# 존댓말 공대말 높임말



## gegen33

Is there any difference between the terms 존댓말 공대말 and 높임말? If so, what is it?


----------



## Superhero1

They are almost the same and interchangable except for 공대말. 

높임말 is a genuin Korean word, whereas 존댓말 consists of Chinese characters 존대(尊待) and a genuin our word 말.

We usually use 존댓말 and 높임말 like:

웃어른께는 존댓말(높임말)을 사용해야 한다.
높임법을 지켜서 말을 해야한다. (we don't say 존대법)
잘 모르는 사람에게는 존댓말을 사용해야 한다. (you can use 높임말, however 존댓말 is more natural, I don't know the why.)
존댓말로 말 안했다가 크게 혼났어. (we don't say 높임말 in this case.)
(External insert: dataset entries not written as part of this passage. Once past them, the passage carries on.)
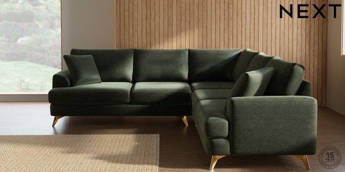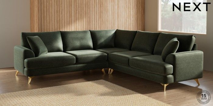 7.0.3 Buy Parker Medium Corner Sofa - Universal Luxe Chenille Mid Green High Metal - Brass from the Next UK online shop Click here to use our accessible website
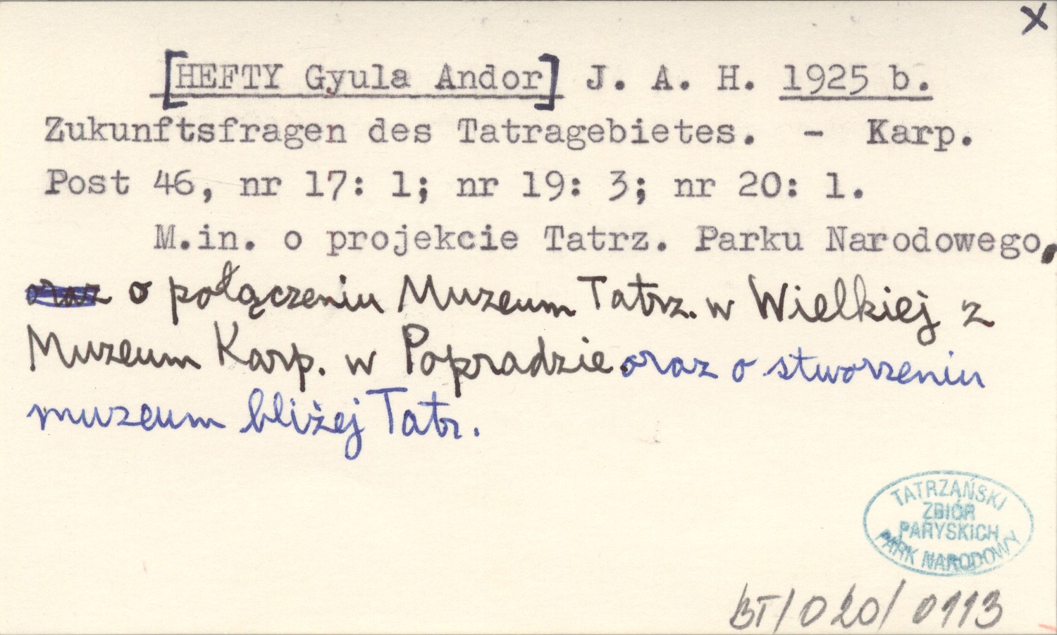 Karpathen-Post, 46, nr 17: 1; nr 19: 3; nr 20: 1. M. in. o projekcie Tatrzańskiego Parku Narodowego o połączeniu Muzeum Tatrzańskiego w Wielkiej z Muzeum Karpackim w Popradzie oraz o stworzeniu muzeum bliżej Tatr.
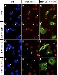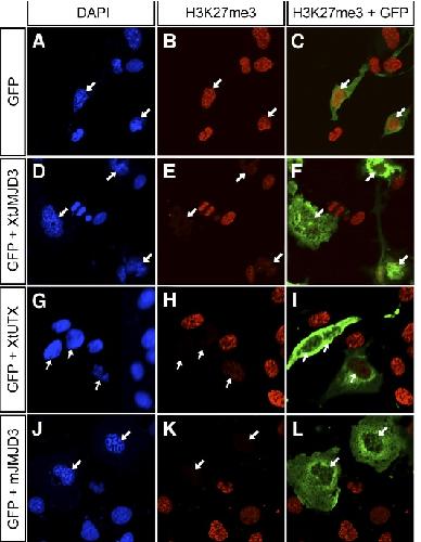 Fig. 2. Overexpression of XtJMJD3 or XtUTX reduced H3K27me3 levels in cell culture. COS-7 cells were transfected with an empty expression vector, pCS2+ (A-C), an XtJMJD3 expression vector, pCS2+xtjmjd3 (D- F), an XtUTX expression vector, pCMVSPORT6-xtutx (G-I), or a mouse JMJD3 expression vector, pCS2+mJmjd3 (J-L). A GFP expression vector, pCAGGS-GFP, was co-transfected in each case to identify the transfected cells. The blue, red and green are nuclear DAPI staining, anti-H3K27me3 antibody staining and anti-GFP antibody staining, respectively. White ar- rows indicate nuclei of transfected cells.
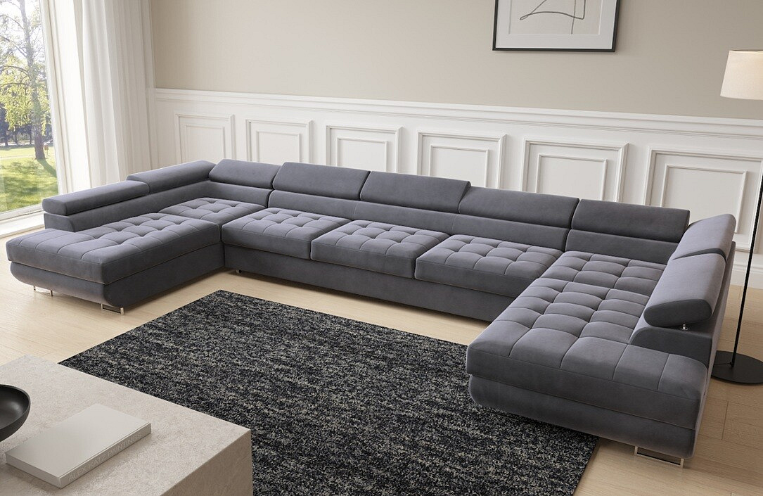Sedací souprava BENJAMIN U 158 XL je mistrovským dílem moderního designu. Její tvar do "U" poskytuje dostatek prostoru pro celou rodinu nebo přátele, a to bez kompromisů na pohodlí. Sedák je vyroben z kvalitní pěny a pružin falistych, což zajišťuje optimální podporu a komfort při sezení. Nastavitelné opěrky hlavy přidávají další úroveň pohodlí, umožňující vám relaxovat přesně tak, jak si přejete.
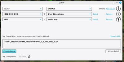 A project in the Tygron Platform can use multiple geospatial data sources. To retrieve all sorts of data that are present, but for which no dedicated data structure (predefined indicators) already exists, the TQL (Tygron Query Language) has been developed. By using queries with the below structure, dedicated data requests can be sent to the Tygron Platform, from which the results can then be calculated in, for instance, an Excel Indicator.
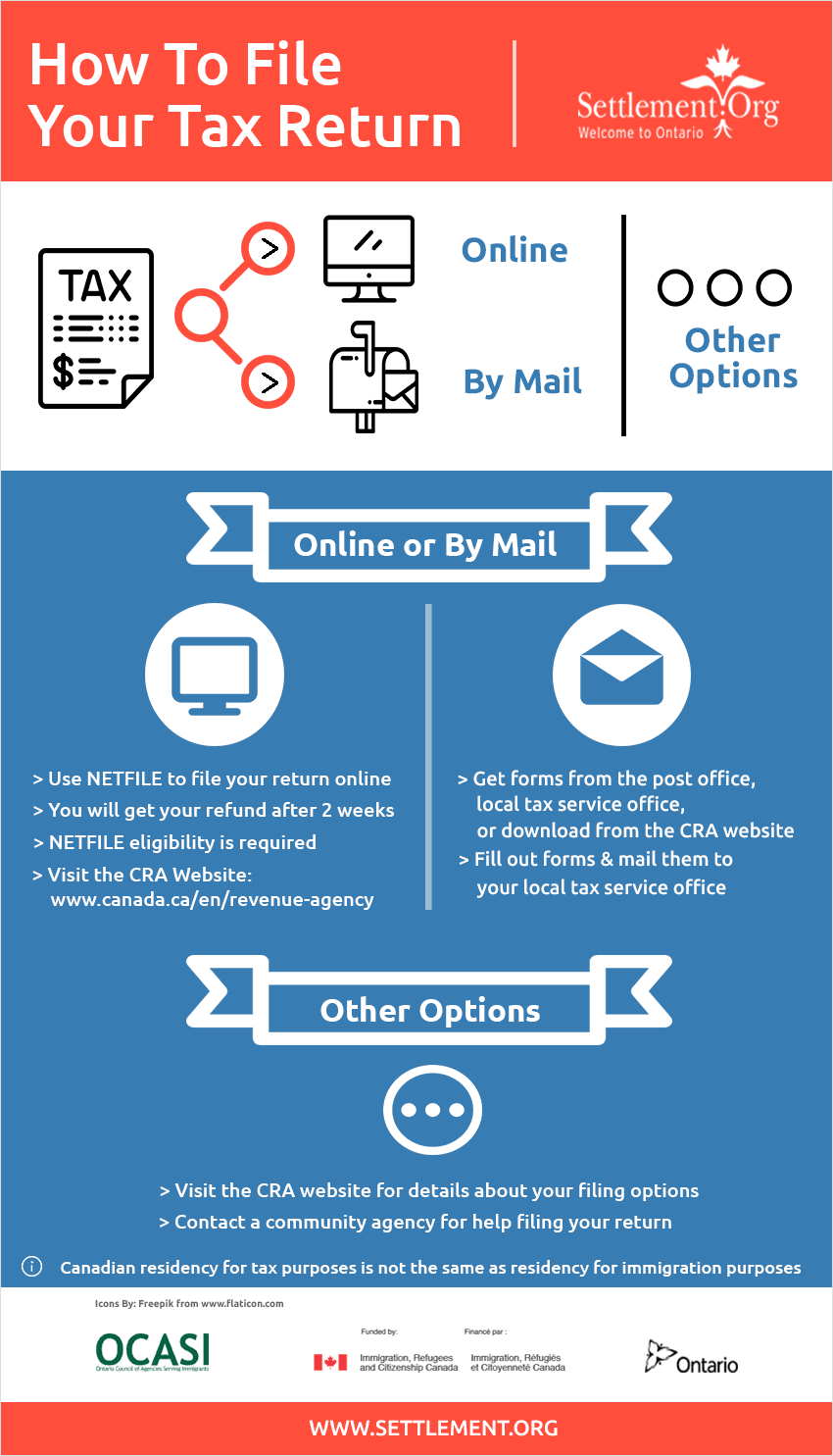 You can also visit the CRA website for information about your filing options or contact a community agency for help filing your return.

You will have no trouble in using 존댓말 only.


----------



## wildsunflower

"존대법" is still in use, and I believe it will be around for a long time. "높임말" is a newer word. Korean went through many changes since the beginning of the 20th century, if I am not mistaken. It was the time when 한글 started to settle in public usage. There were quite a bit of (often fierce) disputes over the standards of 한글. Since then 한글 was more and more widely used and eventually replaced the original Chinese characters in writing. However, 한자에 기반한 단어 말들, e.g. 존댓말 or 공대말, were regarded with more respect than pure 한글. The dominance of pure 한글 is a recent phenomenon. I believe that is why in some cases pure 한글, e.g. 높임말, feels unnatural.


----------